A lightweight foundation model called BrainSymphony integrates fMRI time series and diffusion-derived structural connectivity using parallel spatial and temporal transformer streams, a Perceiver module for compact embeddings, and a novel signed graph transformer for anatomical connectivity. Despite requiring less data, it outperforms larger models on prediction, classification, and network discovery benchmarks. Attention maps from an independent psilocybin dataset reveal drug-induced reorganization of cortical hierarchies, demonstrating interpretable and clinically relevant results.

Study at a glance

Design theoretical or philosophical paper
Key finding BrainSymphony, a compact multimodal model, outperforms larger models on neuroscience benchmarks and reveals drug-induced cortical hierarchy reorganization in an independent psilocybin dataset.

Abstract

Foundation models are transforming neuroscience but are often prohibitively large, data-hungry, and difficult to deploy.
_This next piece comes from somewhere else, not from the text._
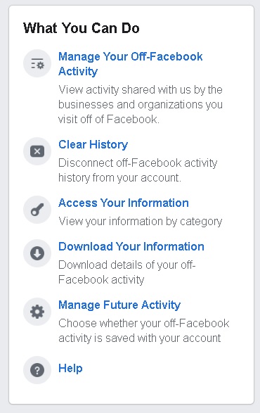 وتتيح هذه الميزة للمستخدمين رؤية البيانات والتحكم بها التي تشاركها التطبيقات والمواقع الإلكترونية الأخرى مع “فيسبوك”، ويمكن للمستخدمين إزالة تلك المعلومات وفك ارتباطها مع “فيسبوك”، بالإضافة إلى القدرة على منع موقع التواصل الاجتماعي الشهير من الوصول إلى جميع الأنشطة التي يقومون بها خارج شبكته.

Here, we introduce BrainSymphony, a lightweight and parameter-efficient foundation model with plug-and-play integration of fMRI time series and diffusion-derived structural connectivity, allowing unimodal or multimodal training and deployment without architectural changes while requiring substantially less data compared to the state-of-the-art. The model processes fMRI time series through parallel spatial and temporal transformer streams, distilled into compact embeddings by a Perceiver module, while a novel signed graph transformer encodes anatomical connectivity from diffusion MRI. These complementary representations are then combined through an adaptive fusion mechanism. Despite its compact design, BrainSymphony consistently outperforms larger models on benchmarks spanning prediction, classification, and unsupervised network discovery. Highlighting the model's generalizability and interpretability, attention maps reveal drug-induced context-dependent reorganization of cortical hierarchies in an independent psilocybin neuroimaging dataset. BrainSymphony delivers accessible, interpretable, and clinically meaningful results and demonstrates that architecturally informed, multimodal models can surpass much larger counterparts and advance applications of AI in neuroscience.